# digital 3 in 1 marking mortise gauge by Rockler



## Howie (May 25, 2010)

Has anyone used this? If you have, is it worth it?


----------



## FatherHooligan (Mar 27, 2008)

Do you have a picture of it?


----------



## LeeBarker (Aug 6, 2010)

A marking gauge with a battery? Some ideas just seem, well, perhaps maybe a little bit overthought. Or, to put it slightly more concisely, stupid.

Kindly,

Lee


----------



## JoeLyddon (Apr 22, 2007)

Well,

*Here it is in it's beauty & Glory...*

... and I just gotta say… That looks like the most useless piece of Fad Junk I have seen in a long time!
... flimsy looking… The realization of a garage tinkerer… and it's ONLY $45.00

Sorry… this one does NOT turn me on!

IMHO, it's NOT needed or required in any shop…

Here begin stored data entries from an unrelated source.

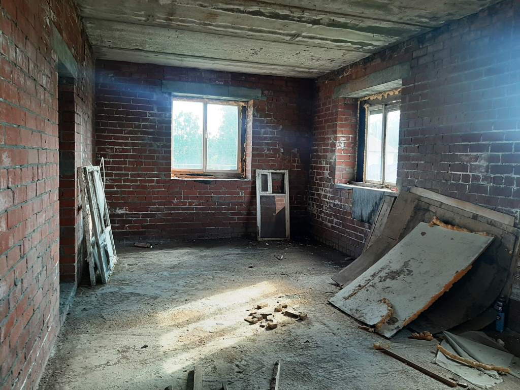 Продам недостроенный коттедж в центре поселка. Коробка - кирпич, фундамент-монолит, перекрытия ж/б плиты. Газ проходит по участку. Торг при осмотре.
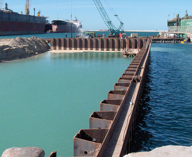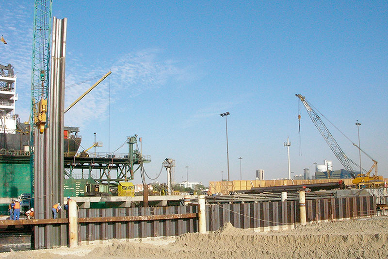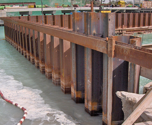 Sheet Pile Walls are thin retaining walls which are constructed to provide temporary or permanent lateral earth, water or other fill material retention. They are commonly used for excavation shoring, waterfront structures, cofferdams, riverbank protection or protection of foundations from water damage. Steel sheet piles are most commonly used and can be fabricated in several shapes.
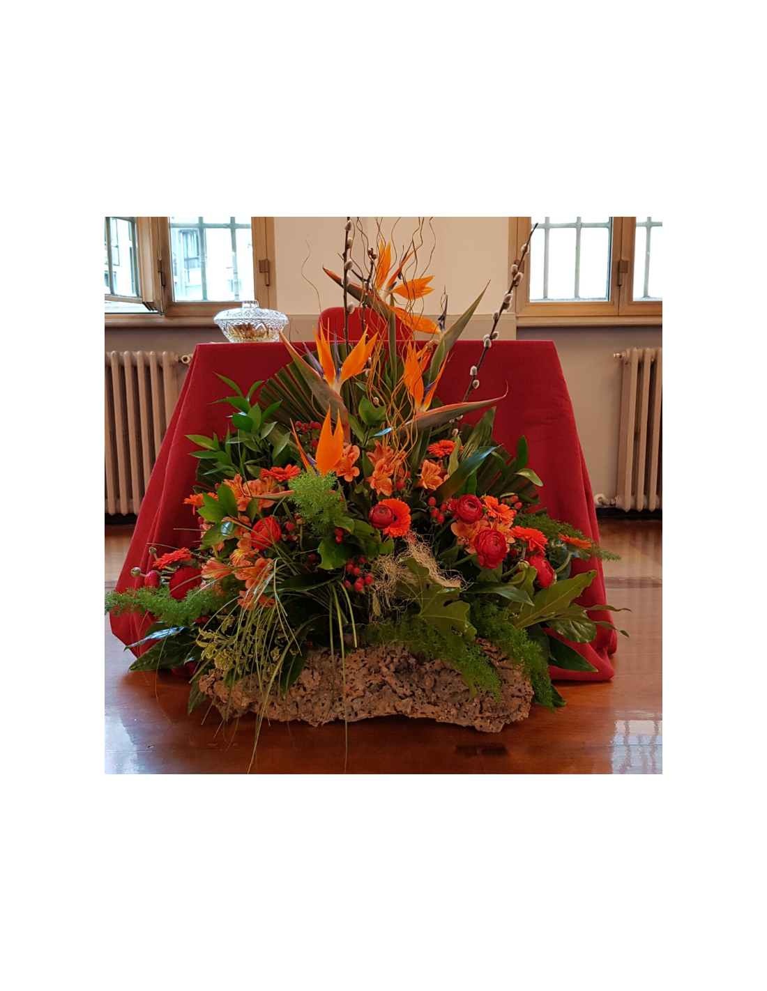 Composizione su tronco di strelitzie e bacche
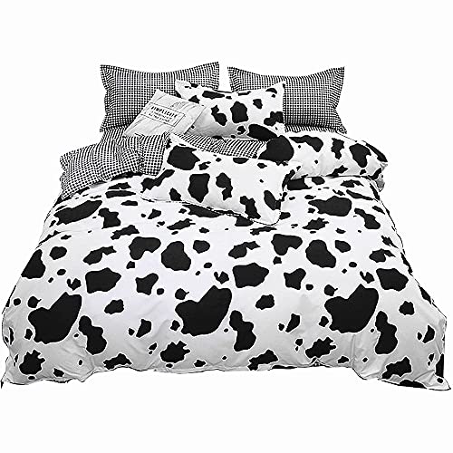 Mengersi Cow Print Comforter Bed Cover Set Full Size Black and White Reversible Plaid Grid Bedding Sets for Kids Girls Boys
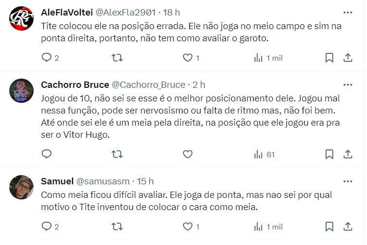 Diante do que vem sendo mostrado, e da necessidade de ter bons jogadores no elenco, o comandante tem como objetivo dar mais minutos dentro de campo para o jogador que vem mostrando evolução.
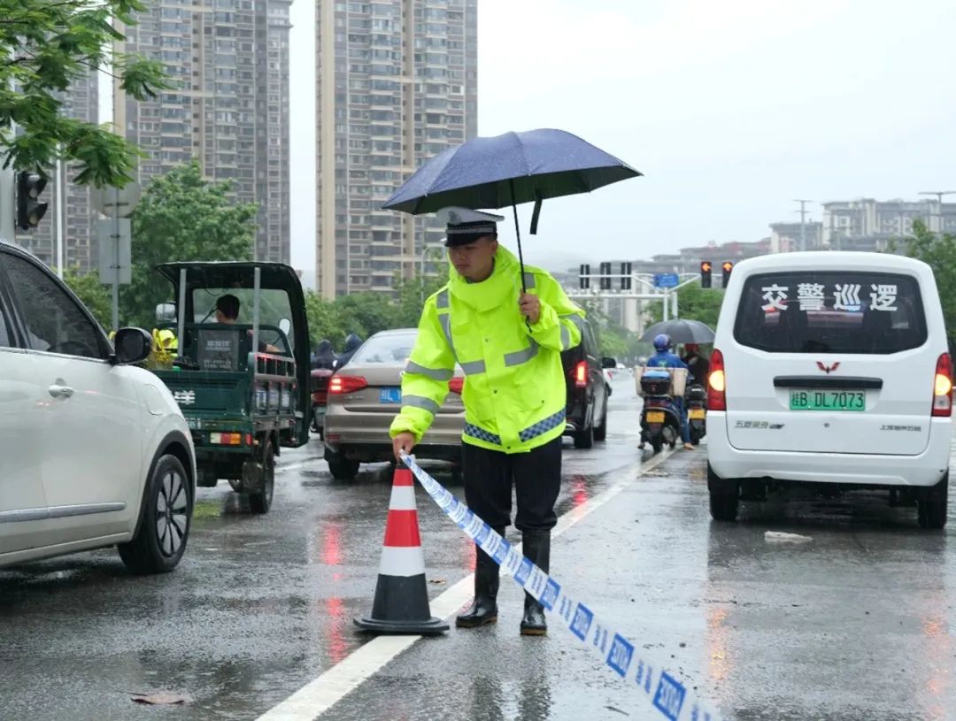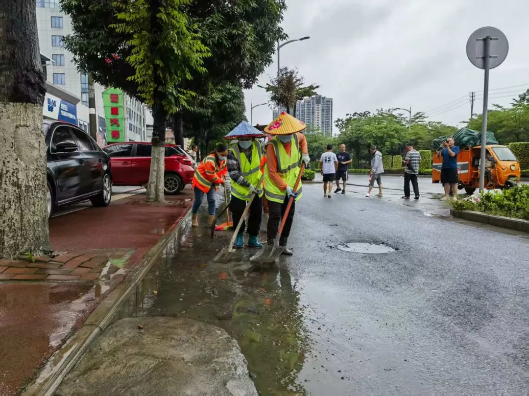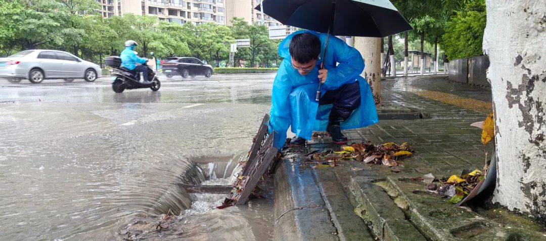 市城管局工作的人员正在清理雨水篦子上的杂物。黄艳萍 摄 加强巡逻管控 及时处置险情 本次内涝让百色城区交通压力骤增。百色市交警部门迅速行动,指挥中心民警24小时值守,对易涝点位进行实时监控,发现内涝情况及时调度警力前往处置。 “前方有积水,车辆请绕行。”在各内涝点,交警第一时间赶赴现场,在积水较深路段设置警示标识,提醒驾驶员绕行避让。部分积水路段的排水口被杂物堆积,执勤交警卷起裤脚走进水中,徒手将杂物移除,保证排水畅通。在积水较深的路段,不少车辆滞留在水中,交警及时帮助群众将抛锚车辆推至安全地带。部分小区地势较低,眼看着路面积水即将流进地下停车库,交警化身为临时“搬运工”,协助小区工作人员搬运挡水沙袋,在地下停车库大门搭起一座“挡水墙”。 “为应对本次内涝,我们共出动280余名警力加强巡逻管控,及时处置险情,我们也提醒广大驾驶员,雨天行车要‘降速、控距、亮尾’,确保出行安全。”百色市公安局交警支队直属一大队民警刘世德说。
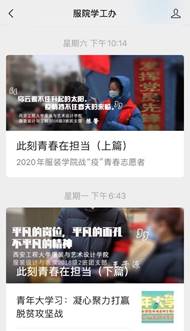 3月20日及23日,学院学生工作官方微信平台“服院学工办”推出上、下两期“此刻青春在担当”一线防控志愿者线上宣传表彰推文。以带入感强烈、体现学生志愿者一线工作的海报和他们的具体名单,展现学院百余名学子在全国各地防疫点付出过的青春力量、展现过的青春担当。
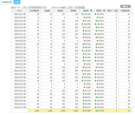 2. PICKING GO利用状況確認画面
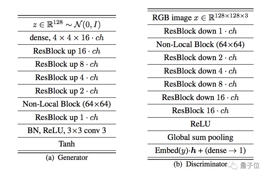 研究人员对GAN架构做出了两处改动适应大规模训练的不稳定性,比如对判别器的通道类型做改动,让每个模块第一个卷积层里的滤波器数量和输出滤波器相等,比如生成器G用了单个共享类嵌入,为BatchNorm层生成每个样本的增益和偏差。
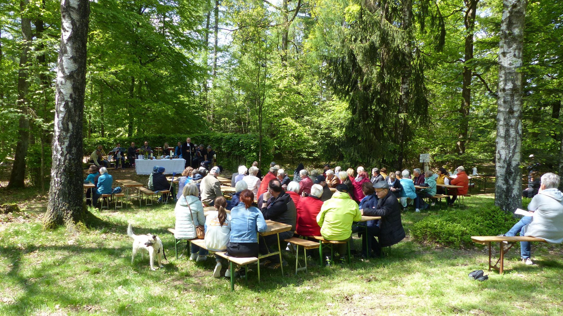 Rund 70 Besucherinnen und Besucher fanden sich bei herrlichem Frühlingswetter an der alten Tanzbühne in der Nähe des Potzbergturmes ein.
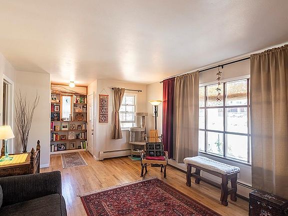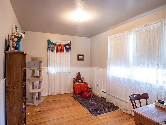 Peace emanates from this lovely home located right across the street from the main administrative building on the St. Scholastica campus with views of the Hogbacks. From the white picket fence to the crab apple tree (see pic. in bloom) to built-in bookshelves to a mullioned picture window, this home is full of distinctive elements that add charm as well as practicality. Radiant floor board heat makes for low utility bills, too. Two exceptional features are the white hardwood oak floors and several deep closets. The kitchen has been updated and feels large and light. It has an appliance garage, Corian-look countertops, & pullout pantry shelves. Outside, a quiet patio to the north shaded by mature trees invites nature appreciation & reflection. The single car garage has a workbench & pegboard with alley access. There is room for a possible dog run in the fenced back yard & several spaces have xeriscaping, flowers, & bushes. New hot water heater installed in 2019. When you tour, you will notice bead board wainscoting, Roman shades, a unique entryway window, & partial basement shelving storage. Located in the historic downtown Canon City district, this home shines in all ways.
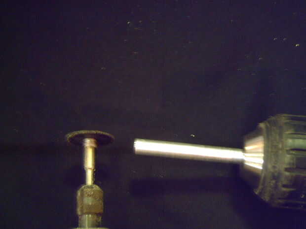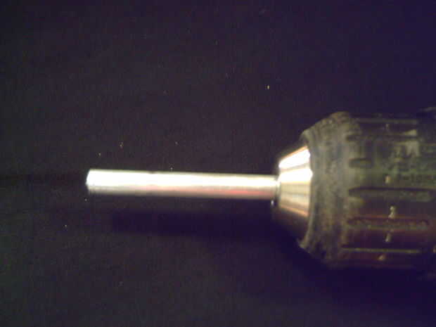 En primer lugar, conseguir la varilla más larga y apretar en el taladro, con la parte que sobresale del extremo de th (fig. 2). El gatillo, que hará girar la varilla y pulsa el papel de lija contra la varilla, haciendo que las fracciones de la barra de una pulgada más pequeña y también de pulido. Luego tomar el botón de perforación en un lado y la Dremel en el otro y encienda el Dremel. Comenzar a girar el taladro con te de otra mano y presionar sobre la protuberancia de la colada-como en el extremo de la varilla (ver figura 1). Este afile y aplanar el extremo mediante el uso de esta técnica. En este extremo y - sólo - en esta barra (uno más largo) sostenga la parte superior de la corte fuera rueda en aproximadamente un ángulo de 45 grados a la barra y un ángulo en la barra de corte (ver fig. 3). Este pisón se utilizará solamente para la arcilla, para formar un embudo para el caliente gases/llama. Ahora, arena esto otra vez, a conseguido un acabado decente, no tiene que ser perfecto.
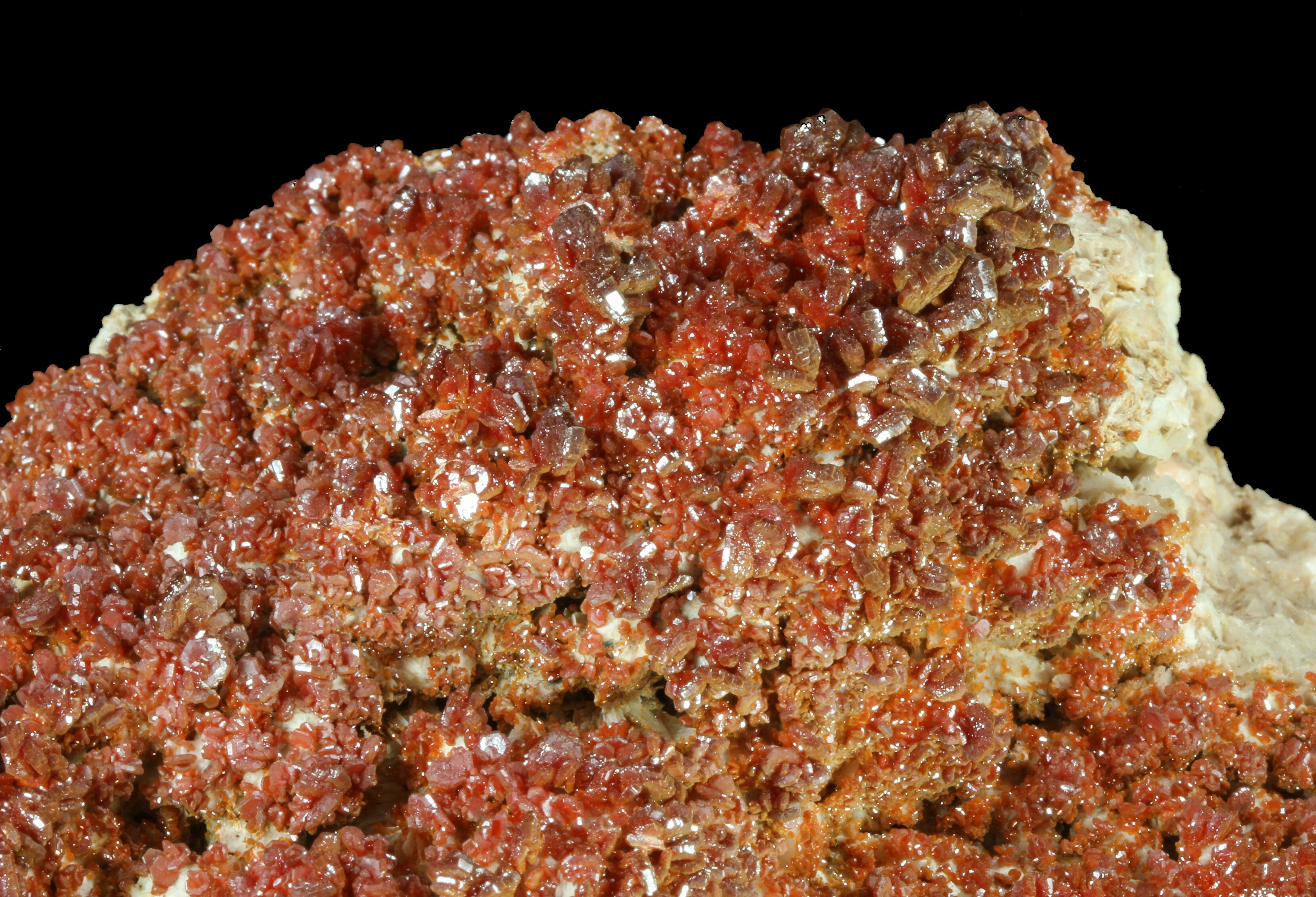Vanadinite from Morocco is world-famous for producing some of the finest red crystal specimens on the planet. In the arid hills surrounding Mibladen and Taouz, vanadinite forms as vibrant clusters of hexagonal prisms, often with a deep crimson to orange-red color that seems to glow against the pale desert matrix. These crystals typically develop in dense groups, coating barite blades or covering weathered limestone with dazzling, glassy faces and sharp geometric symmetry. The dryness of the region and the slow oxidation of ancient lead deposits create the perfect geochemical environment for vanadinite to grow with exceptional clarity, luster, and intensity of color. Moroccan vanadinite is highly prized by collectors for its bold aesthetics, architectural crystal formations, and the consistent quality that has made these localities the global benchmark for the species.
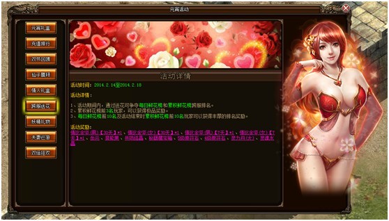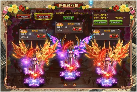 活动介绍:活动期间,通过送花可争夺每日鲜花榜和累积鲜花榜排名。累积鲜花榜排名前3名玩家,可以获得极品奖励。每日鲜花榜前10名及活动结束时累积鲜花榜前10名玩家可获得丰厚排名奖励。
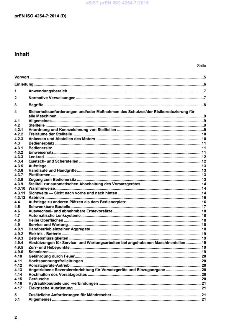 Dieses Dokument behandelt zusammen mit ISO 4254-1 alle signifikanten Gefährdungen (wie in Tabelle A.1 aufgeführt), Gefährdungssituationen und -ereignisse von Mähdreschern, Feldhäckslern, Baumwollerntemaschinen und Zuckerrohrerntemaschinen, wenn sie bestimmungsgemäß und unter den vom Hersteller vernünftigerweise vorhersehbaren Bedingungen der Fehlanwendung verwendet werden (siehe Anhang A). Es gilt nicht für Gefährdungen durch die Anwesenheit von anderen Personen als der Bedienungsperson, Reinigung des Korntanks und Gefährdungen in Bezug auf Schwingungen und bewegte Teile der Kraftübertragung, ausgenommen Festigkeitsanforderungen an Schutzeinrichtungen und Abweisbügel. In Bezug auf Bremsen und Lenkung gilt es nur für die ergonomischen Aspekte (z. B. Anordnung von Bremspedal und Lenkrad); weitere Aspekte in Bezug auf Bremsen und Lenkung sind nicht abgedeckt. Für gezogene Erntemaschinen gilt es nur für Gefährdungen im Zusammenhang mit dem Arbeitsverfahren.
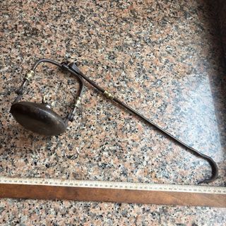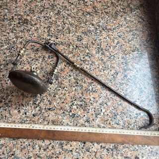 Antigua lámpara de aceite de metal con un diseño único y un gancho para colgar. - Cuerpo ovalado de metal. - Brazo curvo con remates dorados. - Gancho en el extremo para sujeción. No leer: forjada en fragua de carbón,herrero,tonelería,carpintería,carpintero,herramienta de talla gubia,abarqueiro,tonelería,tonelero,campo,siega,jardín,labranza,talar,rustico,huerto,huerta,minero,mina,cantero,picapedrero,bushcraft,hojalatero hojalateria rural pueblo

If you want an Measured mark, just use your Digital Micrometer to set your great old fashioned Marker! LOL


----------



## waho6o9 (May 6, 2011)

Thanks for the link Joe.
I think it would've been better with 
2 scribe's, nice idea though.


----------



## JoeLyddon (Apr 22, 2007)

LOL beautifully said…


----------



## MNWOODWORKER (Aug 1, 2008)

I have to agree, I have the Veritas wheel gauge and love it, no batteries or glitches to worry about and its cheaper!


----------



## OSU55 (Dec 14, 2012)

If you don't already have a marking gauge and digital calipers, it may be the way to go. Even if you do, marking gauges can be a pita to set with a ruler or calipers. This has the digital caliper built in. It has its place.


----------